Не знаю, как тут можно переиграть ситуацию. Правда, не знаю. Чувствую, как камень в груди. Хочется все бросить и идти спать.

— Давай попробуем все же. Это важно. Смотри, мама нажаловалась на тебя папе, что ты не управляемая совсем, да еще и обзываешься мачехой. Что сделал папа?

— … Отложил газету, задумался ненадолго. Потом позвал меня. Я пришла.

— Садись рядом, мне надо поговорить с тобой. Послушай, дочка, ты уже большая и должна понимать, как нашей маме нелегко со всеми вами управляться, а ведь она еще и работает. Ты согласна?

— Да, — отвечаю я.

— Что, да?

— Да, согласна, что нелегко.

— Тогда ты должна согласиться, что не надо ссориться с мамой, даже если вдруг тебе покажется, что она не права. От этого маме будет только еще тяжелее. Ведь так?

— Да, так, — вздыхаю я.

— Доча моя, давай с тобой договоримся прямо сейчас, что ты больше не будешь ей грубить. Нужно, чтобы ты наоборот помогала маме и поддерживала ее во всем. Хорошо?

— Да, хорошо.

— Ты обещаешь? — папа спросил и обнял меня.

— Да, я постараюсь, — сказала я, высвобождаясь.

— Ты у меня умница, а на маму не обижайся, она просто вспыльчивая бывает иногда, но любит тебя, даже не сомневайся, — и папа целует меня в щечку.

— Что ты чувствуешь прямо сейчас? (коуч)

— Папа любит меня и хочет сгладить наш с мамой конфликт. Папа добрый и мудрый. С мамой он потом поговорил отдельно.

— Прими папину любовь и мудрость. Глубокий вдох и на выдохе возвращайся в состояние «здесь и сейчас». Что ты чувствуешь?

— Усиленно зеваю. И, как бы, не совсем в настоящей реальности.

— Это пройдет. Нужно призвать к своей душе все осколки и те части тебя, которые вызывали чувство обиды на папу.

Как сейчас?

— Ясно. Но, устала и хочу спать.

С утра просыпаюсь и вспоминаю вчерашнюю работу. Ничего не может оправдать такого отношения к дочке.

Хочется сказать сейчас всем: Дети понимают все, просто не все могут выразить словами. Они запоминают каждое слово и настроение родителей и потом закладывают в копилку своей эмоциональной основы. И всю жизнь опираются на нее, хотят они этого или нет. Очень важно понять это.

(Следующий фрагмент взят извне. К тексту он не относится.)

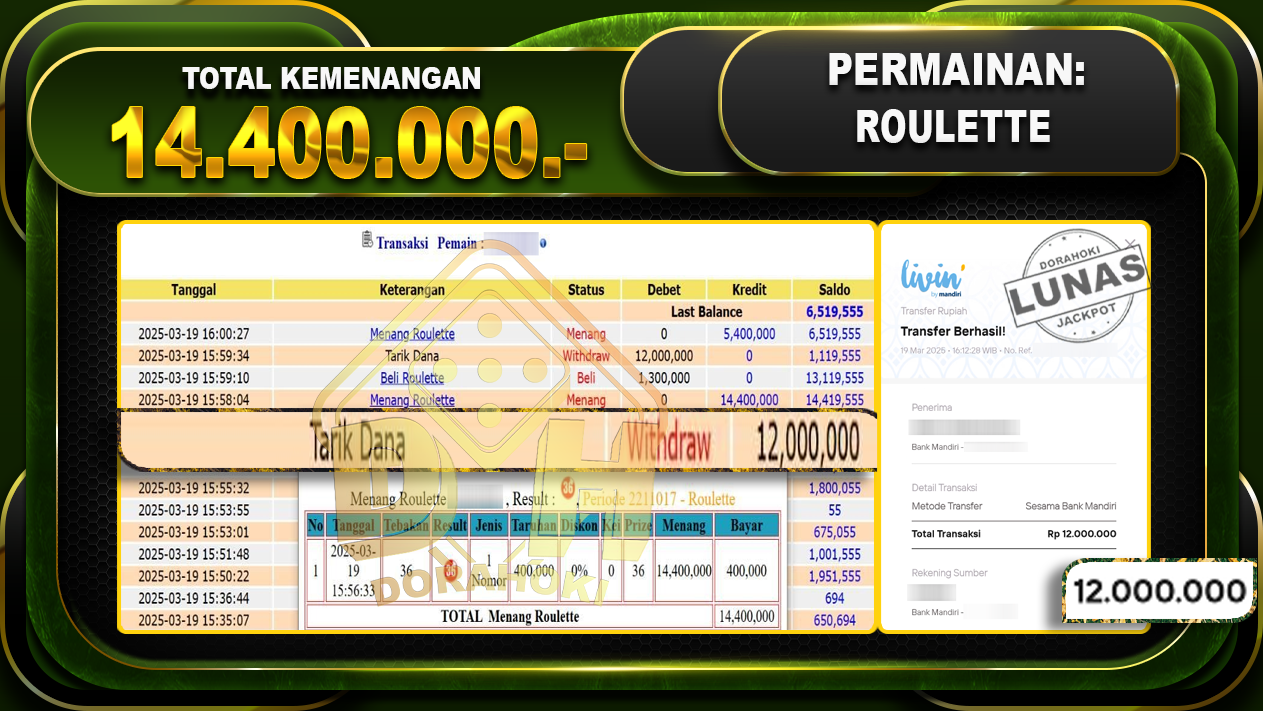 Bukti JP ROULETTE GAMES – ucapkan selamat kepada user id Omaxxx atas kemenangan di ROULETTE GAMES dengan total kemenangan Rp.14.400.000,- . Yang pasti nya langsung LUNAS sesuai bukti ya bosku. Dorahoki nih bosku berapapun akan tetap kami bayar lunas ya bosku.
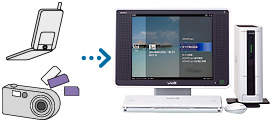 DCF規格、WIA規格対応のデジタルスチルカメラに対応。機器により、直接取りこみに対応しない場合があります。
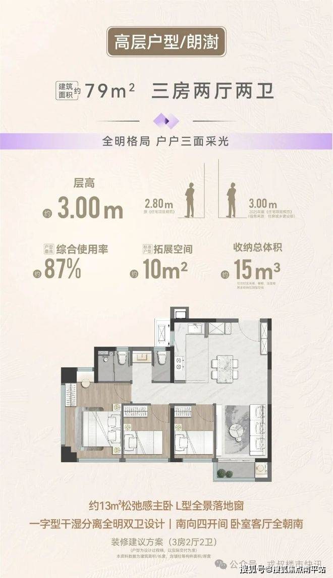 其中64㎡精装两房得房率85%,客厅卧室全朝南,主卧带衣帽间,顶配精装+智慧社区,主打小而精。
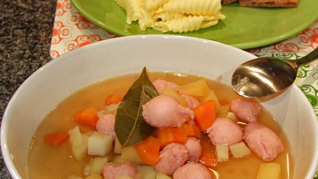 - Kun perunat ovat kypsiä, aloita siskonmakkaran pursottaminen kiehuvaan keittoon. Jos makkaramassaa tarttuu sormiin, kostuta niitä kylmällä vedellä. Kun makkarapallerot nousevat pintaan, ne ovat kypsiä.
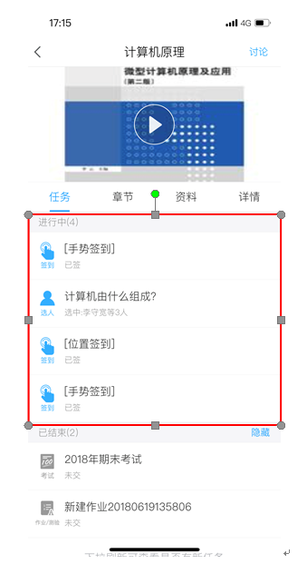 学生在课程页面中,点击任务,查看教师发布的任务内容,完成签到、抢答、问卷回答等内容。该操作也可以在超星学习通中查看并完成。如下图所示:
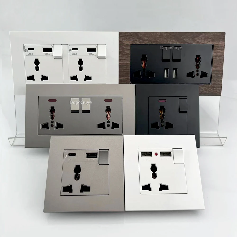 เต้ารับติดผนังแบบ 86 พร้อมการชาร์จเร็ว USB-C | ปลั๊กไฟแบบหลายพอร์ต 5-in-1 | แผงไฟฟ้าติดผนังแบบโมเดิร์น 110~250V สำหรับบ้านและสำนักงาน
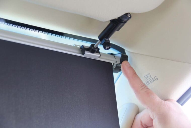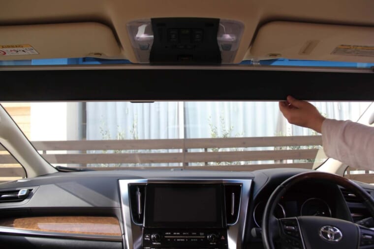 炎天下に停める際の必需品でもあるフロントのサンシェードだが、着脱や収納は結構面倒。シンシェードならサンバイザーの金具に常時取り付けた状態で、使用時は引っ張るだけでOK。収納はボタンひと押しで完了する。
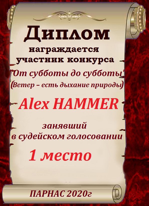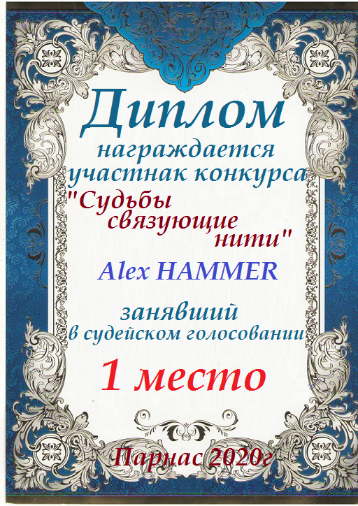 Первое место по итогам конкурса «Ветер снова мне шепчет о счастье ", по итогам судейского голосования. Поздравляем с прекрасной победой!
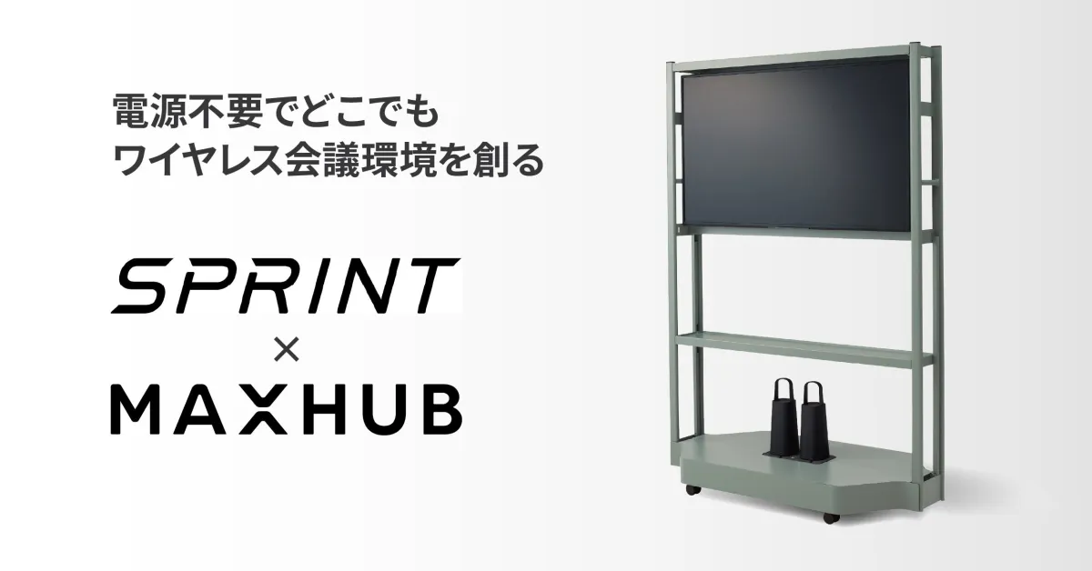 新しい製品は、オカムラの「SPRINT モニタースタンド」とナイスモバイルの「MAXHUB ミラーリングディスプレイⅢ」を組み合わせたパッケージで構成されています。オプションとして、カメラ、マイク、スピーカーなどが揃っており、コミュニケーションに最適な環境を作ります。特に目を引くのが「OCポータブルバッテリー」の併用によって、電源が存在しない場所でも利用できるという点です。
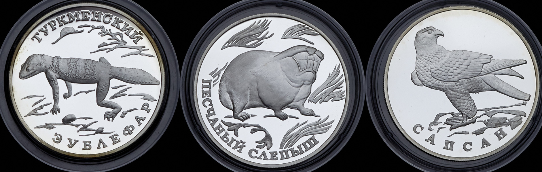 Полный комплект монет номиналом 1 рубль из серии "Красная книга", выпущенных в 1996 году из серебра: Сапсан, Песчаный слепыш, Туркменский эублефар.
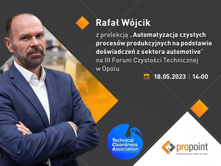 Automation of clean production processes based on the automotive sector was the topic of PROPOINT S.A. presentation at the 3rd Technical Cleanliness Forum in Opole. During the lecture, we will convey our approach to the design and subsequent implementation of automated production lines under strict cleanliness standards. The speaker of the session will be Rafal Wójcik - Chief Operating Officer of PROPOINT S.A. Machine Building Department! We invite you to attend!
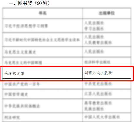3月27日,第六届中国出版政府奖获奖名单正式公布。湖南人民出版社荣获两项大奖,其中,《毛泽东文谭》获图书奖,编审周熠获优秀出版人物奖。
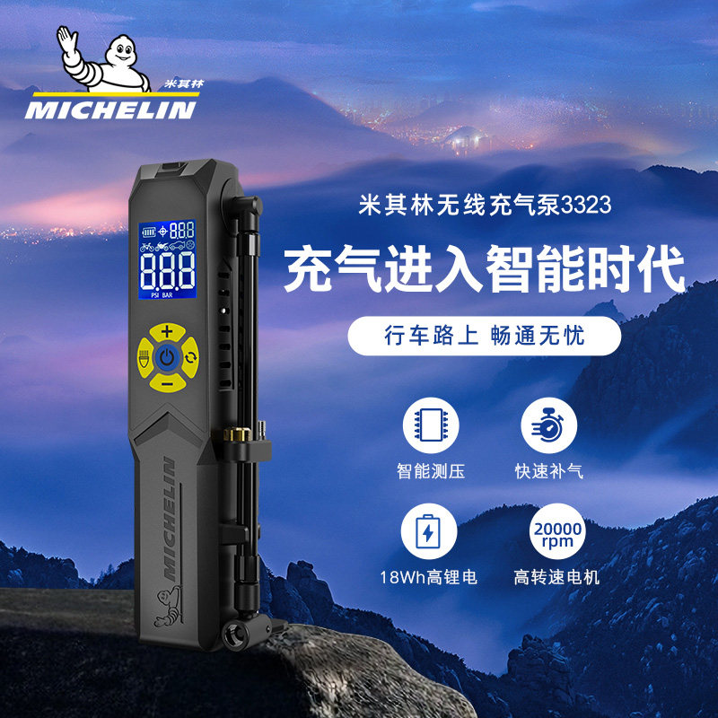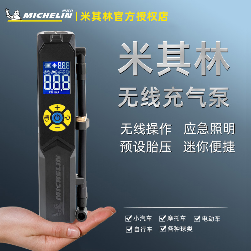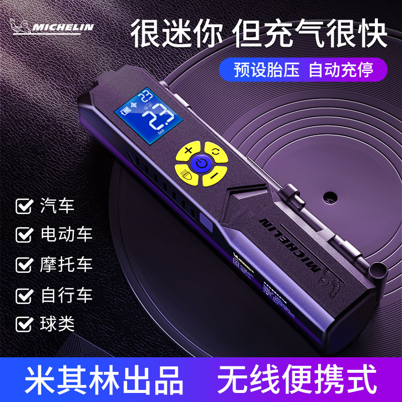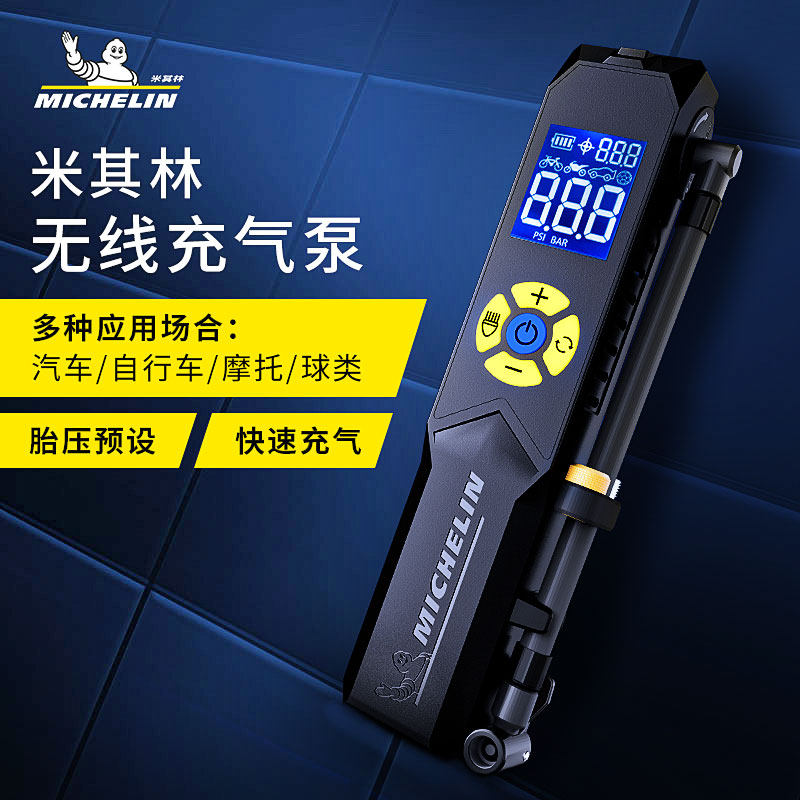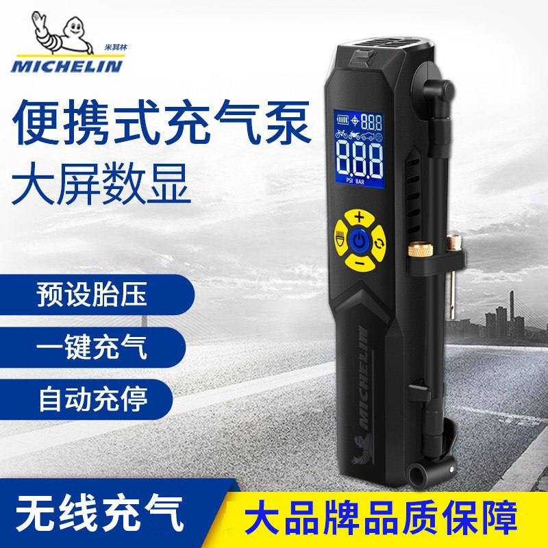 米其林车载充气泵汽车打气泵车用无线便携自行车电动车轮胎打气筒
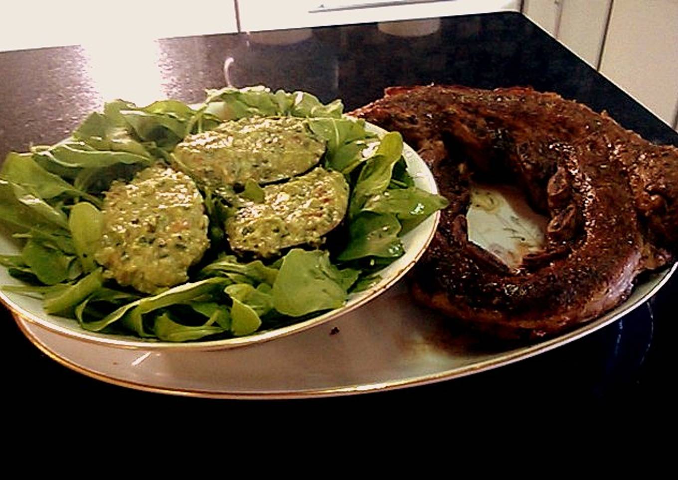 - No me olvidé falta, el tiempo total a horno bajo es 170°C, pero a mitad de cocción lo pincelamos nuevamente muy bien , con bastante salsa y llevamos a la parrilla o fuego de arriba, para que le de ese color bronceado caribe, que conseguimos con la salsa. esperamos 15' y retiramos, damos vuelta y pincelamos bien del otro lado, para que el sabor y color quede parejo. como este lado está cocido, pero no tuvo mucho fuego directo, subimos el fuego a 190°C por los minutos restantes. Y retiramos, dejamos reposar unos minutos y servimos acompañados con el guacamole, que pusimos en su cazo (el de su palta o aguacate, sobre una ricas verduras de hoja verde, en este caso rúcula al natural, me encanta, bañalas con el guacamole, les da el aliño justo. Y buen Provecho, quedó muy sabroso!!!

Попив чаю, набираюсь терпения, и продолжаю прорабатывать ситуации из прошлого.

Зову коуча.

— Чувствую, что еще не отпустили обиды на папу. Давит в груди. Вхожу, смотрю.

…Опять его руки. У него сжатые губы, злое лицо. Мы сидим все за столом, кушаем. Он тяжелой ложкой сильно бьет меня по голове. Мне лет восемь. Я насупилась, надула губки, сижу и смотрю в тарелку с борщом, он кажется мне противным и невкусным. «Давай не выкаблучивайся, ешь быстрей, а то еще получишь», — говорит мама. Глотая слезы, я начинаю есть. Мне обидно, горит место чуть выше лба. Мысленно представляю, как сбегу от них, сяду в поезд и уеду к бабушке, она добрая и любит меня. Я очень по ней скучаю, и мне ее не хватает.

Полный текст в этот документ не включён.